This discussion has been archived. No new comments can be posted.

Why RAID 5 Stops Working In 2009

Comments Filter:
  • by rhathar (1247530) on Tuesday October 21, 2008 @07:09PM (#25461507) Homepage
    "Safe" production data should be in a SAN environment anyways. RAID 5 on top of RAID 10 with nightly replays/screenshots and multi-tiered read/writes over an array of disks.
  • by mschuyler (197441) on Tuesday October 21, 2008 @07:14PM (#25461561) Homepage Journal

    That's what RAID stands for. It's a nice idea in theory, as long as the disks remain cheap, but I've never trusted them to work properly and had more than one break on me. "All you have to do is unplug the bad disk, plug in a good one in its place, and in a few minutes all will be hunky dory." Bzzt. Wrong. Thanks for playing.

    Backup every day to tape, to another disk entirely on a diffrent machine, to R/W DVD, twice a day if you have to, or all of the above--anywhere else but the machine itself. RAID: the accident waiting to happen. Yeah, I'm paranoid. It comes from experience.

  • by networkBoy (774728) on Tuesday October 21, 2008 @07:17PM (#25461589) Homepage Journal

    True.
    Also FWIW I only run RAID 1 and JBOD.
    For things that must be on-line, or are destined for JBOD but not yet archived to backup media, they are located on one of the RAID volumes. For everything else it's off to JBOD, where things are better than RAID5

    Why?

    I have 6 TB of JBOD storage and 600(2x300 volumes) GB of RAID 1. If I striped the JBOD into 6TB (7 drives) and one drive failed all the near-line data would be virtually off-line (and certainly read-only) while the array re-built. With JBOD, should a disk fail, I pop in a replacement, grab the stack of DVDs from the local backup, and plug the data back in. Now all the other near-line is still available and honestly takes about the same amount of effort and time as re-building a stripe set w/ parity. Never mind that I've had a read error on rebuilds before and had to re-do the entire array from scratch anyway.

    While my system would not work in an environment where the files on the JBOD change often, they are basically .archive anyway, so handling them by way of staging on RAID1 pending copy to DVD and storing on JBOD works fine.

    Naturally this system also really gives an incentive to keep up on the backups, with no false sense of security of having files on a RAID5...
    -nB

  • Testable assertion (Score:4, Interesting)

    by merreborn (853723) on Tuesday October 21, 2008 @07:18PM (#25461613) Journal

    But even today a 7 drive RAID 5 with 1 TB disks has a 50% chance of a rebuild failure. RAID 5 is reaching the end of its useful life.

    This is trivially testable. Any slashdotters have experience rebuilding 7TB RAID 5 arrays?

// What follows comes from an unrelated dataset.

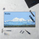 A digital rendering of Denali, also known as Mt. McKinley, North America's highest mountain at 20,237 feet above sea level. Customisable text reading "Alaska" also appears. The word "denali" derives from a Koyukon Athabaskan word meaning "The High One." This image is derived from a US Fish And Wildlife Service photograph. While the peak of Mt. Everest is higher above sea level than that of Mt. Mckinley if you measure from the base of the mountain to its peak Mt. Mckinley is tallest mountain in the world.

    You'd think, if this were really an issue, we'd be hearing stories from the front lines of this happening with increasing frequency. Instead we have a blog post based entirely on theory, without a single real-world example for corroboration.

    What's more, who even uses RAID 5 anymore? I thought it was all RAID 10 and whatnot these days.

  • by Vellmont (569020) on Tuesday October 21, 2008 @07:25PM (#25461705)

    The whole argument boils down the published URE rate being both accurate, and a foregone conclusion. Will disk makers _really_ make drives that have a sector failure for every 2 terabytes, or will they improve whatever technology is causing these URE's to be much more rare? (if the rate was real in the first place).

  • by Anonymous Coward on Tuesday October 21, 2008 @07:30PM (#25461745)

    If I striped the JBOD into 6TB (7 drives) and one drive failed all the near-line data would be virtually off-line (and certainly read-only) while the array re-built.

    What kind of crappy raid array is that? Better raid arrays will model & predict performance under degraded conditions like failure & rebuilding. They certainly don't stop or go read-only during a rebuild.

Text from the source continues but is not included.